L'objectif de ce soutien est de lutter contre la progression des friches dans les prés de pâture et d'améliorer le cadre de vie autour des hameaux et des villages. Ce système incitatif identifie plusieurs catégories de terrains classés en fonction de leur difficulté d’accès. Il n’est cependant pas appliqué sur les secteurs pastoraux de montagne.

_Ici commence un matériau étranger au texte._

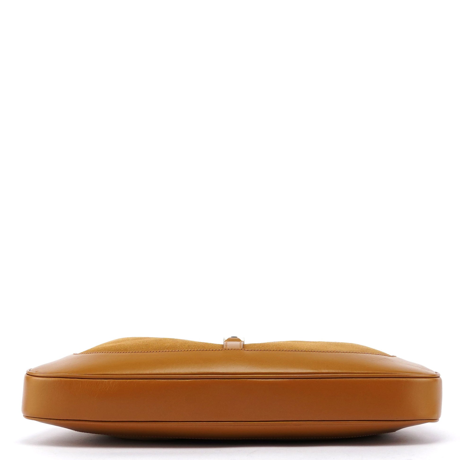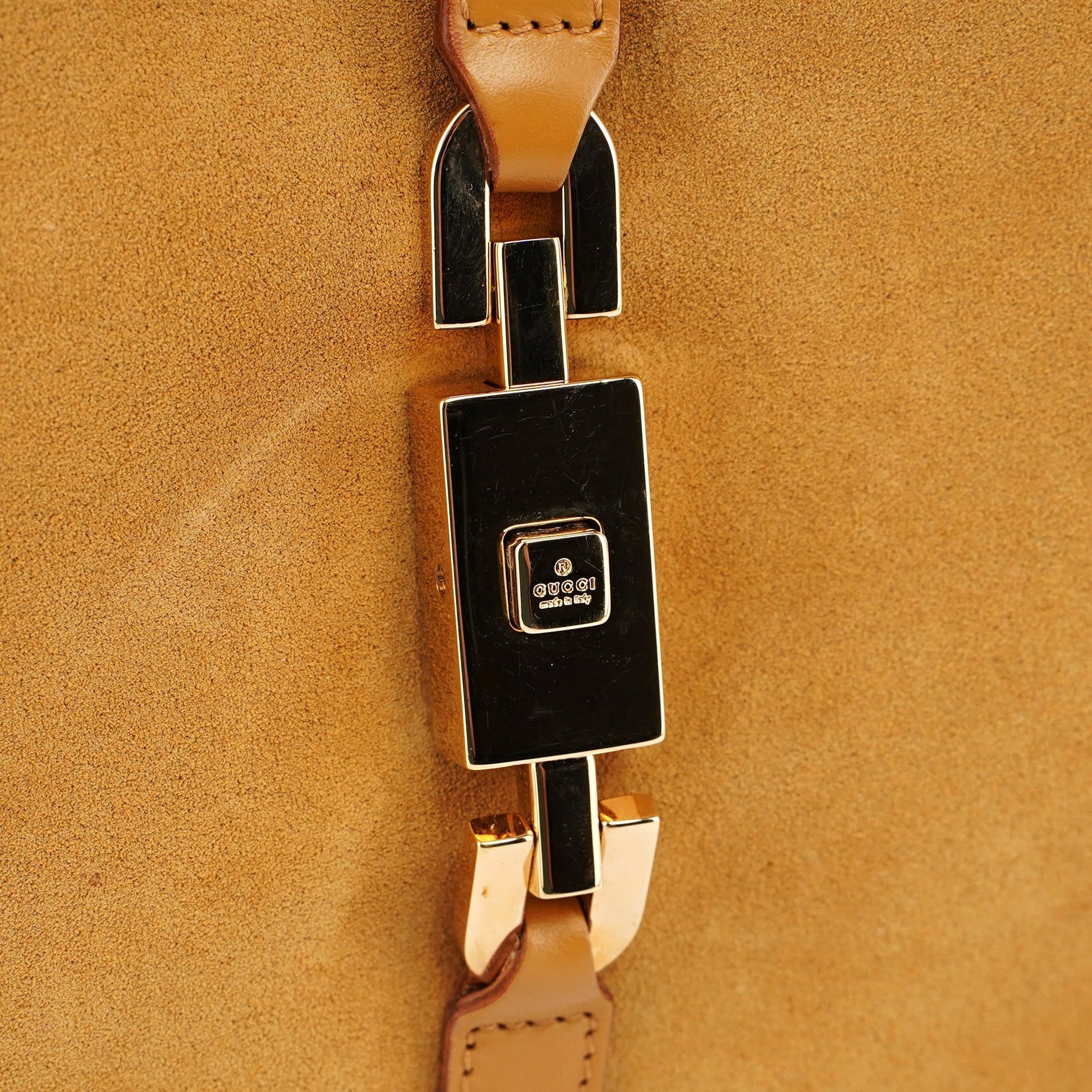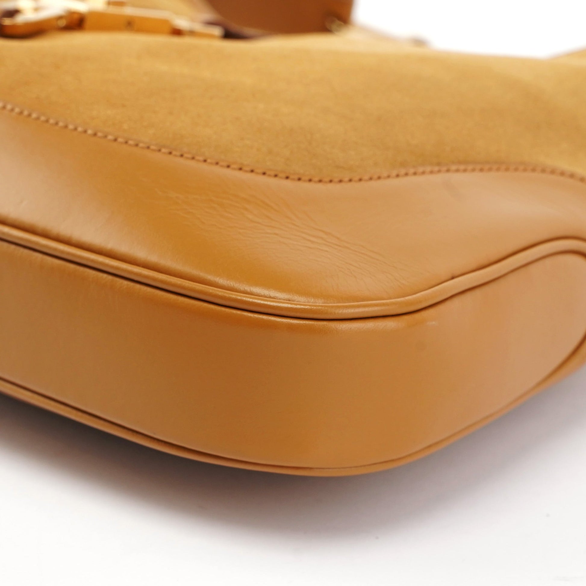 Designed by Tom Ford in the late 1990s, this Gucci Jackie Chain bag is handcrafted in beige suede with tonal calfskin leather trim, accented by gold-tone hardware. It features a gold-tone chain handle with Gucci logo engraving and the classic Jackie style closure. The interior, lined with satin includes an interior zipper pocket, marries functional design with Gucci's timeless aesthetic.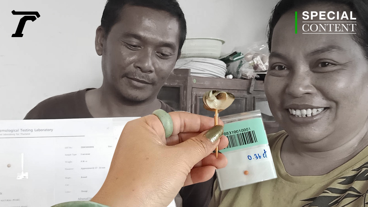 ปรากฏว่า นายพูนสวัสดิ์ ลูกชาย ที่ร่วมวงกินส้มตำด้วยกัน ได้เคี้ยวตรงหัวหอย เคี้ยวถูกก้อนเล็กๆ นึกว่าเป็นก้อนหินเลยเอาออกมาดู พบว่ารูปร่างกลมสีส้ม ตอนแรกก็ไม่ได้คิดอะไรแต่ได้เก็บก้อนนี้ไว้ แล้วไปเล่าให้เพื่อนบ้านฟัง เพราะปกติไม่เคยได้ยินว่ามีอยู่ในหอยเชอรี่ที่เป็นหอยน้ำจืด ส่วนมากจะอยู่ในหอยหวาน ซึ่งเป็นหอยน้ำเค็ม เพื่อนบ้านก็เลยแนะนำให้ส่งไปตรวจที่ห้องปฏิบัติการทดสอบอัญมณี กรุงเทพฯ เมื่อวันที่ 1 ก.ย.ที่ผ่านมา เพื่อดูว่าเป็นมุกประเภทใด และผลเพิ่งออกมาเมื่อวันที่ 6 ก.ย.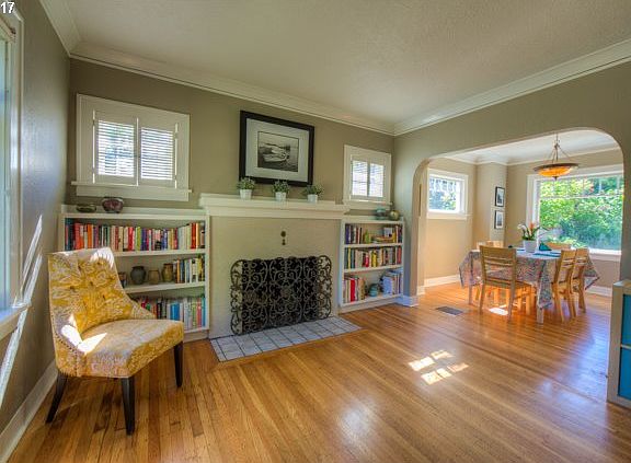 Charming Sellwood Dutch Colonial on quiet street, shops and restaurants nearby, farmers market on Wed, walkability score 92.3 bdrs and full bth upstairs, 1/2 bth down,large living room with fireplace and quaint built-ins,formal dining room and kit with nook, arched doorways and covered patio, partially finished basement, all new windows upstairs, central A/C, Detached garage. Don't miss this cutie! Open house Sat and Sun 1-3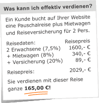 - Folge-Werbevergütungen, wenn die Besucher der eigenen Webseite erneut buchen, Motivation zu Folgeverkäufen durch Kundenbindungsmaßnahmen, wie z.B. Sonderaktionen, Newsletter und Follow-ups.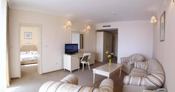 Marina Beach este situat intr-o mica vale, la doar cateva trepte pana la marea cu plaja de nisip fin. Avand o pozitie unica, direct pe plaja, hotelul ofera o vedere panoramica fantastica asupra intregului golf. Hotelul Marina Beach este alegerea perfecta pentru cei care apreciaza luxul de cinci stele, confortul si vacanta relaxanta.Facilitati camere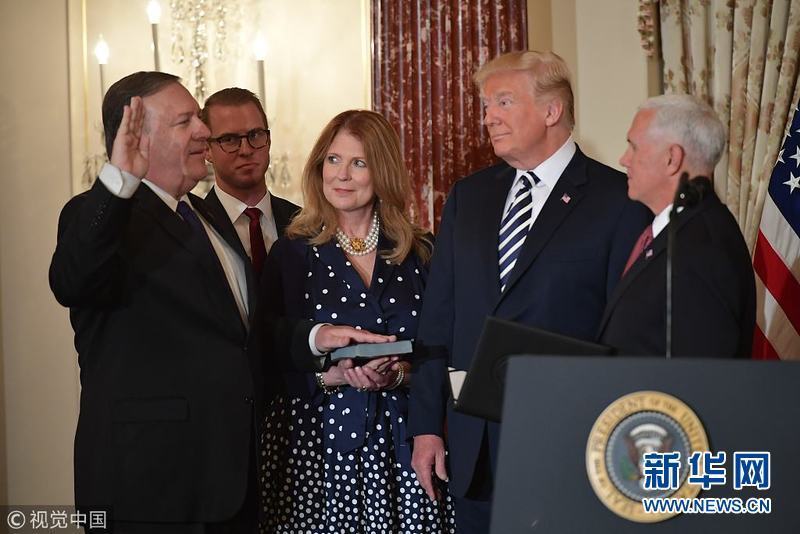 當天,美國國務院舉行儀式,蓬佩奧正式宣誓就任美國第70任國務卿。他在演講中說,當前美國的安全、繁榮和自由面臨著很多威脅,他將帶領國務院團隊全力應對這些威脅,確保美國一直是世界舞臺上“受尊敬和有原則的領導者”。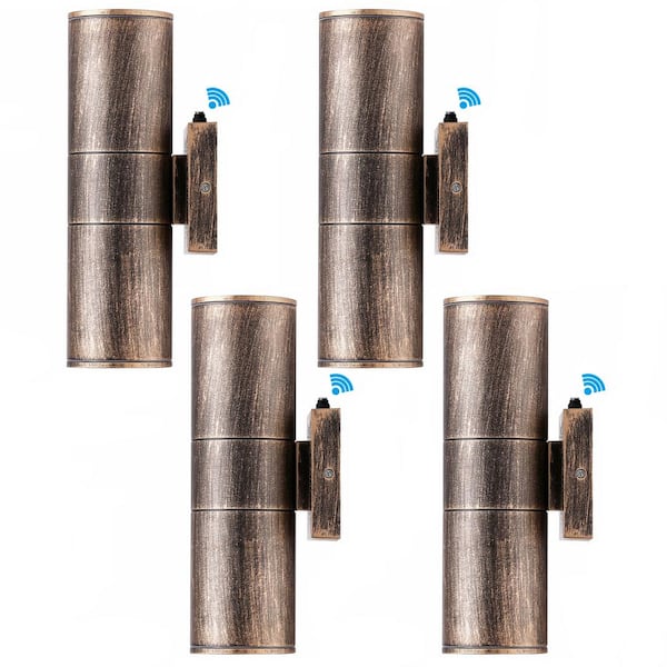 Bronze Dusk to Dawn Outdoor Hardwired Cylinder Wall Lantern Sconce with Up Integrated LED Down Lights (4-Pack)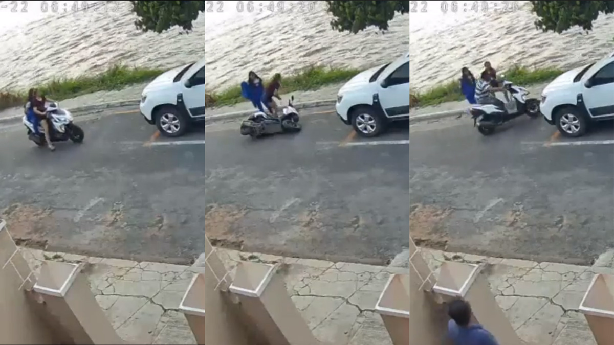 యువతులు కింద పడటం గమనించిన అక్కడున్న ఓ వ్యక్తి వారిని కాపేందుకు వారి దగ్గరకు వస్తారు. రోడ్డుపై పడిపోయిన స్కూటర్ను పైకి లేపేందుకు యత్నిస్తారు. అయితే యువతులు కిందకు దిగేముందు స్కూటర్ ఇంజిన్ ఆఫ్ చేయడం మర్చిపోయారు. దీంతో ఆ వ్యక్తి స్కూటర్ను పైకి లేపగానే.. అది ఆన్లో ఉండటంతో స్కూటర్తో పాటు అతను కూడా నేరుగా వెళ్లి పక్కనే ఉన్న నీటి గుంతలో పడిపోయాడు.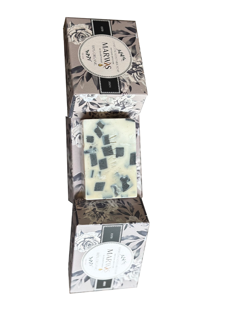 Marwas Charcoal Goat Milk Soap is a refreshing blend of deep-cleansing activated charcoal and nourishing goat milk, crafted to give your skin a pure, healthy glow. The charcoal draws out dirt, excess oil, and impurities from deep within the pores, while the creamy goat milk hydrates, soothes, and restores softness. Gentle enough for daily use, this handcrafted soap helps reduce acne, blackheads, and dullness, leaving your skin feeling clean, smooth, and naturally radiant. Perfect for all skin types, especially oily and sensitive skin.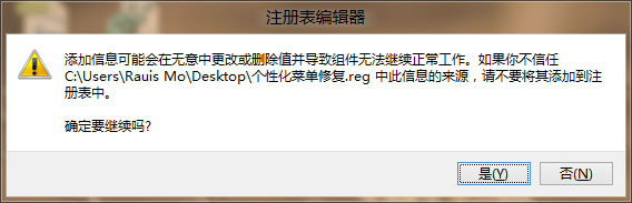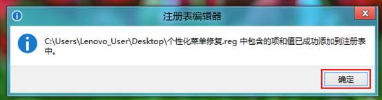 1、下載附件提供的“個性化菜單修復.reg”至桌面,然后使用鼠標左鍵雙擊運行。如下圖所示: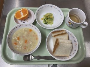 食パン、クリームシチュー、サラダみかん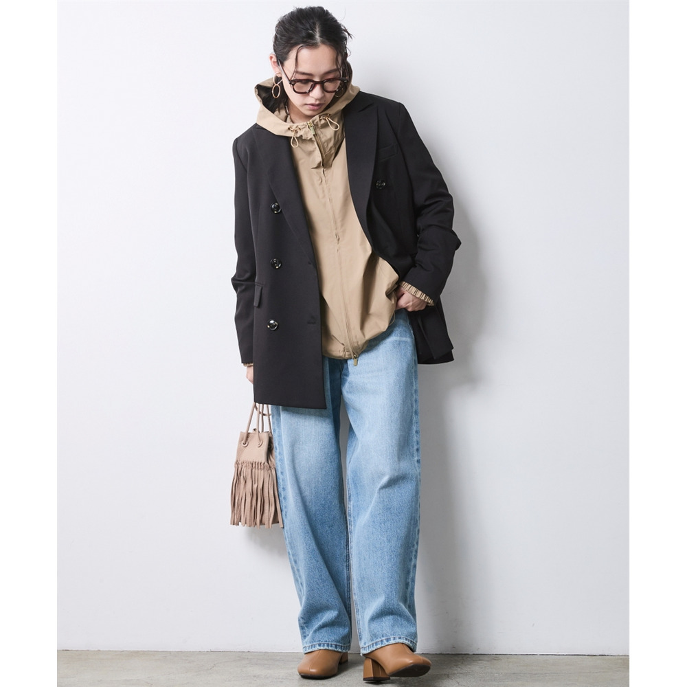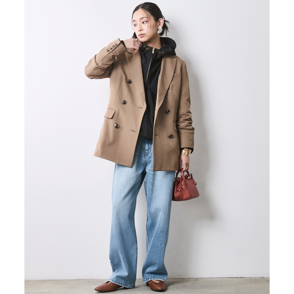 Sophisticated Mode: 端正なダブルジャケットにサングラスを添え、ルーズデニムを合わせた都会的なミックススタイル。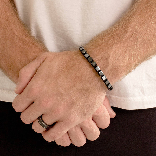 Medium Hematite Cube Stone Adjustable Bracelet - 6mm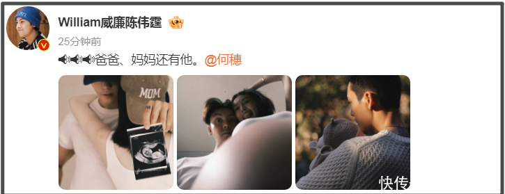陈伟霆、何穗突然一起晒出B超照、孕期照、和儿子的合照官宣当爸当妈迎客松配资,两人的官宣文也甜蜜温馨,统一配文“爸爸、妈妈还有他。”,搭配的抱孩子的照片还是对称版,甜炸了。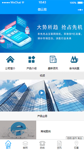 企业展示模块相当于企业的网络名片,不但对企业的形象是一个良好的宣传,同时可以辅助企业销售,企业可以利用小程序来展示产品、案例、宣传企业文化、发布资讯等,快速创建一个小程序官网,通过二维码扫描即可进入。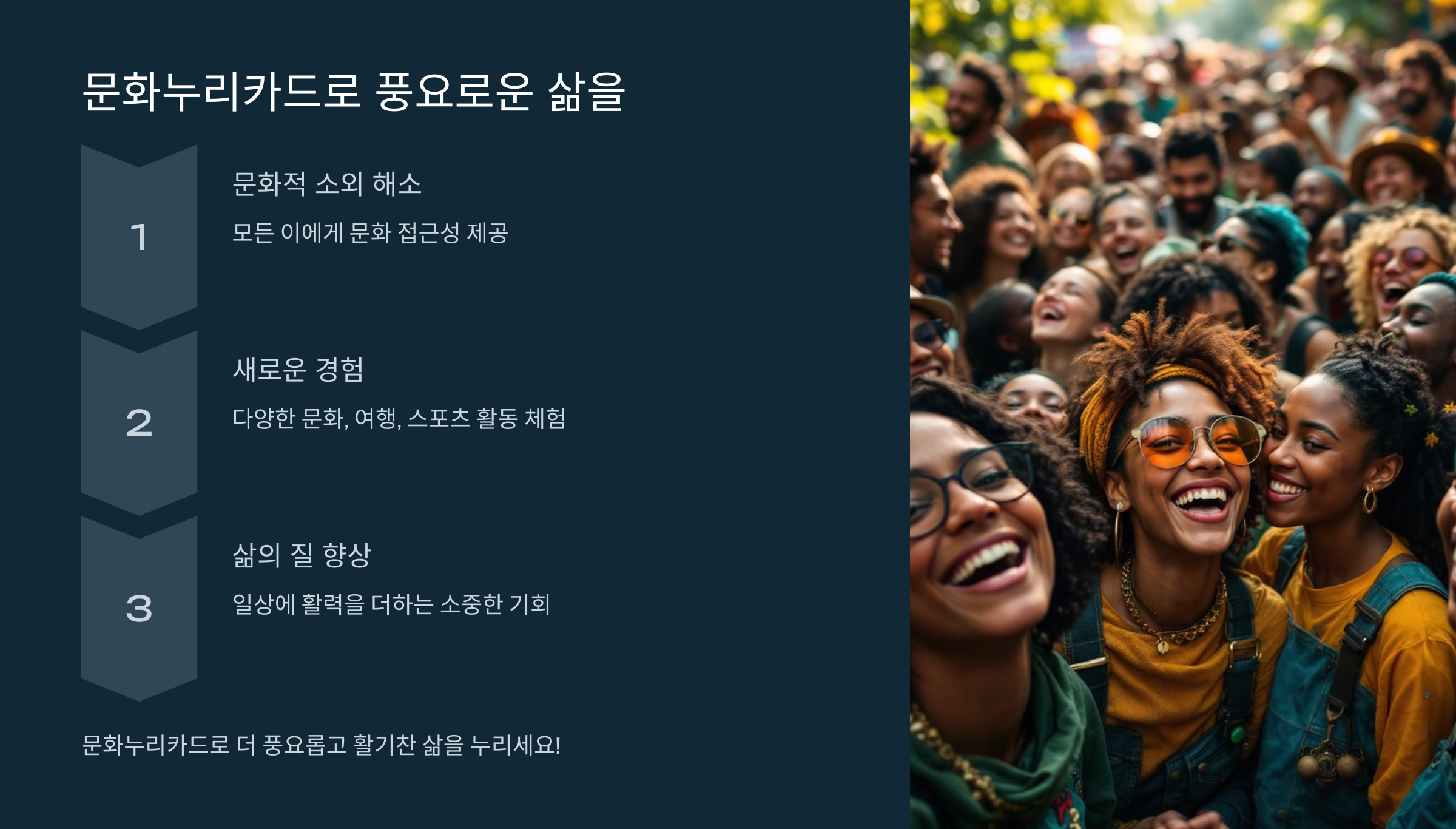 문화누리카드는 단순한 금전적 지원을 넘어 문화적 소외를 해소하고, 삶에 활력을 더하는 소중한 제도입니다. 지원 대상자라면 꼭 신청하여 영화, 공연, 스포츠, 여행 등 다양한 혜택을 누리며 새로운 경험을 만끽해 보세요. 정부의 도움으로 더 풍요로운 삶을 누리는 계기가 되기를 바랍니다! 😊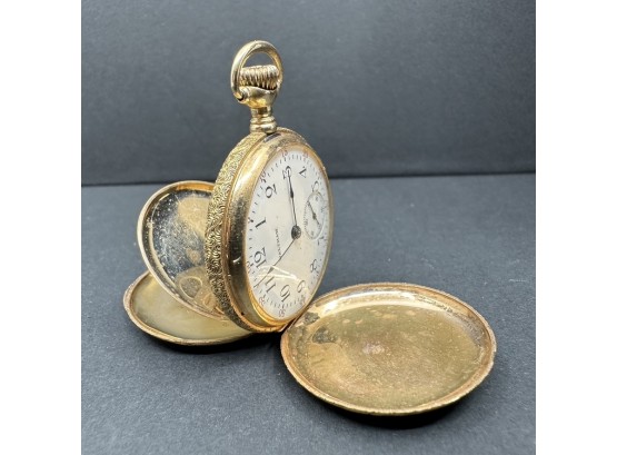 A fine antique Waltham pocket watch with 14k gold engraved case. Marked inside AWWCO Waltham, Mass, 15 jewels. #17908160. Also marked on case Dubois W.C. Co. 14K.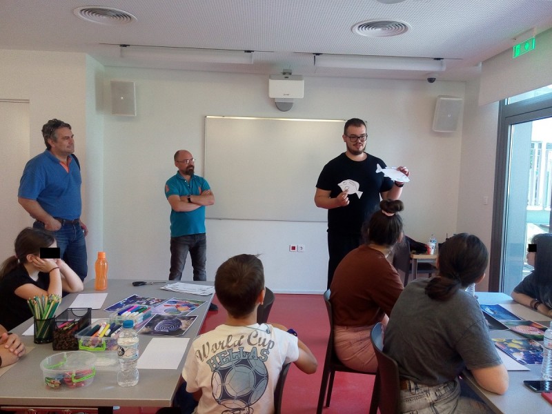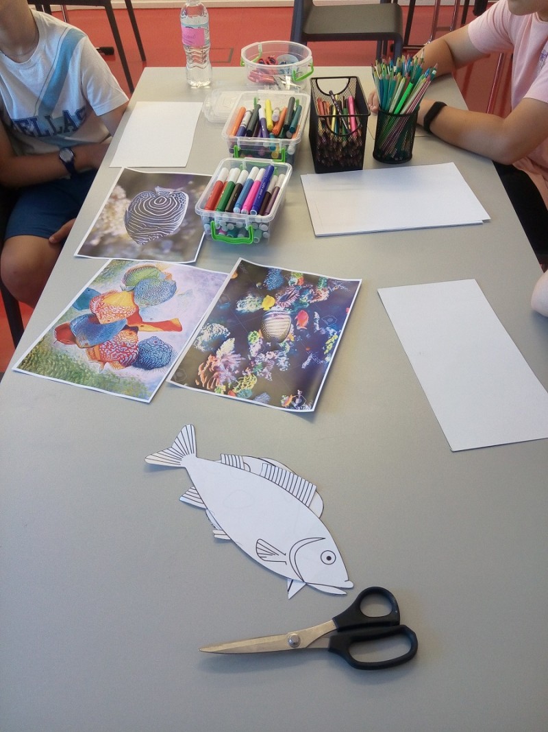 Το εργαστήριο ξεκίνησε με το σχεδιασμό και τη μορφοποίηση ενός αντικειμένου, συγκεκριμένα ενός ψαριού, με ελεύθερο χέρι . Τα παιδιά έμαθαν για τη τεχνική του σχεδίου και στη συνέχεια, με τη καθοδήγηση του εκπαιδευτή, αξιοποίησαν τις ιδέες τους, συνδύασαν σχέδια και χρώματα και αποτύπωσαν στο χαρτί τη μορφή που εμπνεύστηκαν.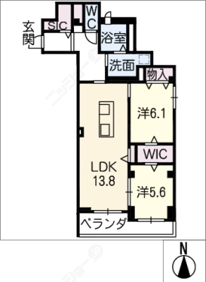 敷 金1ヶ月 / 礼 金1ヶ月間取り 2LDK / 66.61㎡入居日 2026年3月下旬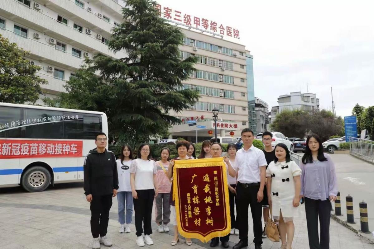 2021-06-05 实习单位送锦旗 校院合作结硕果南部县人民医院向四川三河职业学院赠送锦旗感谢学校输送优秀人才6月3日,四川三河职业学院卫生健康学院党支部书记杨杰一行护送2019级部分学生到南部县人民医院(国家三级甲等综合医院) 进行临床实习报到,医院热情接待...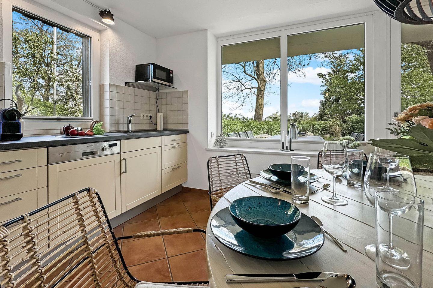 Zum Ferienhaus gehört ein kleiner Garten, in dem sich immer ein sonniges Plätzchen finden lässt. Von hier aus gelangt man auch direkt auf einen kleinen Wanderweg, der zum Schleiufer, zu einem kleinen Sportboothafen und zur Badestelle mit Spielplatz, Fußballtoren und Basketballkorb führt.

En outre, ce système d’aide, pour être validé, demande la réalisation de l'une ou l'autre des opérations suivantes : pâturage et broyage ou fauchage et ramassage. Compte-tenu de ces éléments, Monsieur Jean-Yves PACHOD propose au conseil municipal d’approuver le montant global de l’aide à allouer, au titre de l’exercice 2012, soit 13 432 € et sa répartition au bénéfice des différents éleveurs ayant participé au dispositif.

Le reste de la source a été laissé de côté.